Task item.
The part below that opens with the line containing "- 4. 속을 파낸 복숭아도 냉동실에서 얼려 샤벳 그릇으로 사용한다." and closes with the line containing "सत्यार्थ न्यूज श्रीडूंगरगढ़-सवांददाता" should be copied exactly, minus any pictures.

Data for the task.
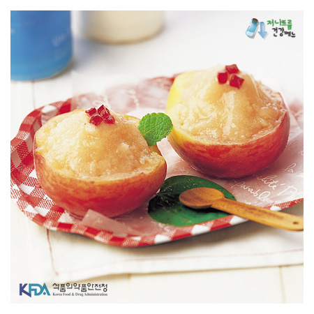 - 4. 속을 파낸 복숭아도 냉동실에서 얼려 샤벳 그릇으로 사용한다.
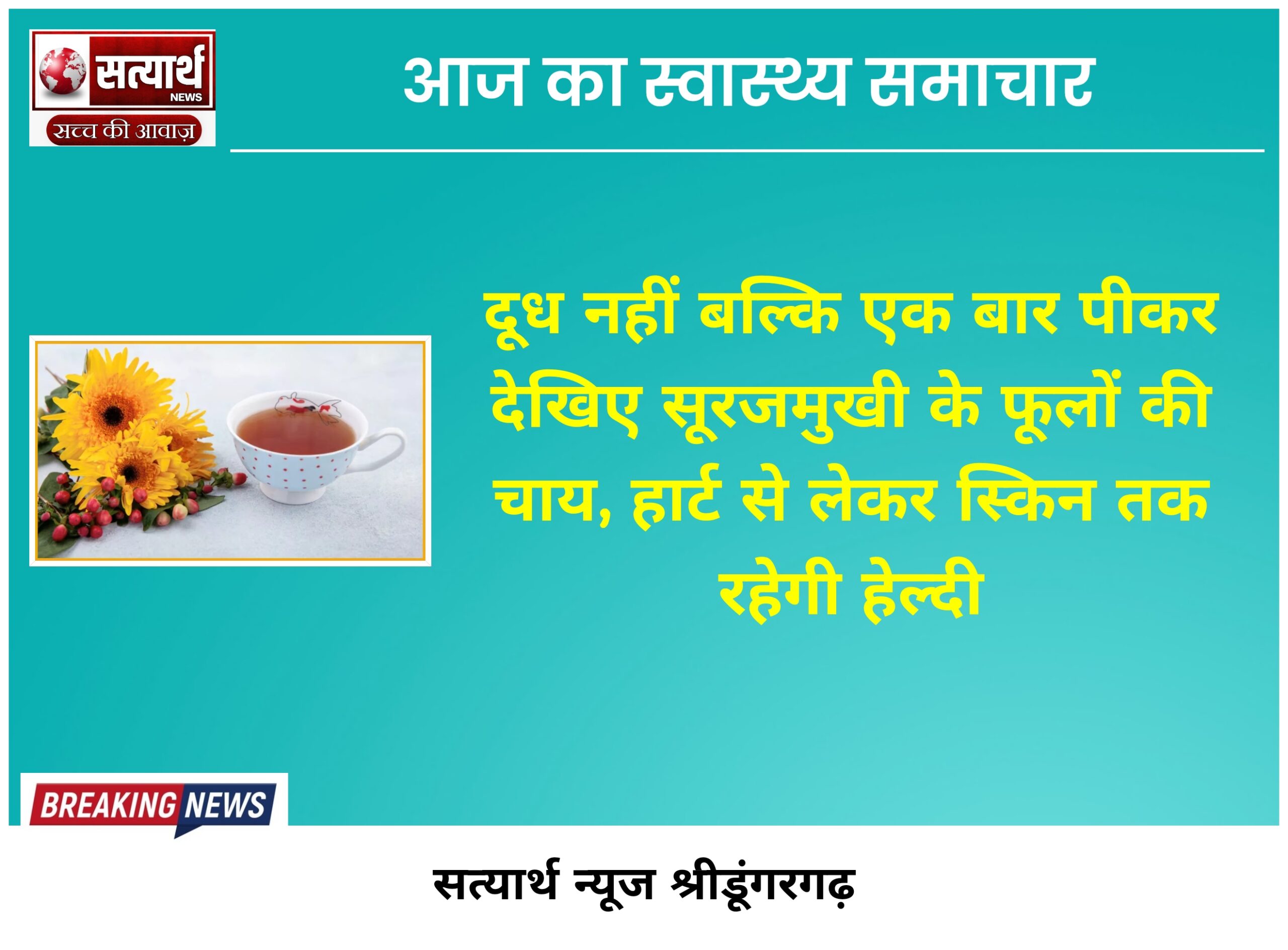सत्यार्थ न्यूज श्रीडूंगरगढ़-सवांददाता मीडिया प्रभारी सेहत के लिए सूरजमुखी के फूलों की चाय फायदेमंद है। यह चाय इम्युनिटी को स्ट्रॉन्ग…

* * *

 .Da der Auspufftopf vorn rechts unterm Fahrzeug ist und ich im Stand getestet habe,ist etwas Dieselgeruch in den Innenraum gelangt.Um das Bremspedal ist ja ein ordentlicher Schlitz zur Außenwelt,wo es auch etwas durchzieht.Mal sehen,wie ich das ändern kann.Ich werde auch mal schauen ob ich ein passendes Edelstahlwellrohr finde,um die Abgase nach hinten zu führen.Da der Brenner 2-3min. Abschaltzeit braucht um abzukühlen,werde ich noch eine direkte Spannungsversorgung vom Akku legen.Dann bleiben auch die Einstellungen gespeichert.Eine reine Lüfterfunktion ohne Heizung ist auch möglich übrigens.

Solution to this problem.
 - 4. 속을 파낸 복숭아도 냉동실에서 얼려 샤벳 그릇으로 사용한다.
सत्यार्थ न्यूज श्रीडूंगरगढ़-सवांददाता मीडिया प्रभारी सेहत के लिए सूरजमुखी के फूलों की चाय फायदेमंद है। यह चाय इम्युनिटी को स्ट्रॉन्ग…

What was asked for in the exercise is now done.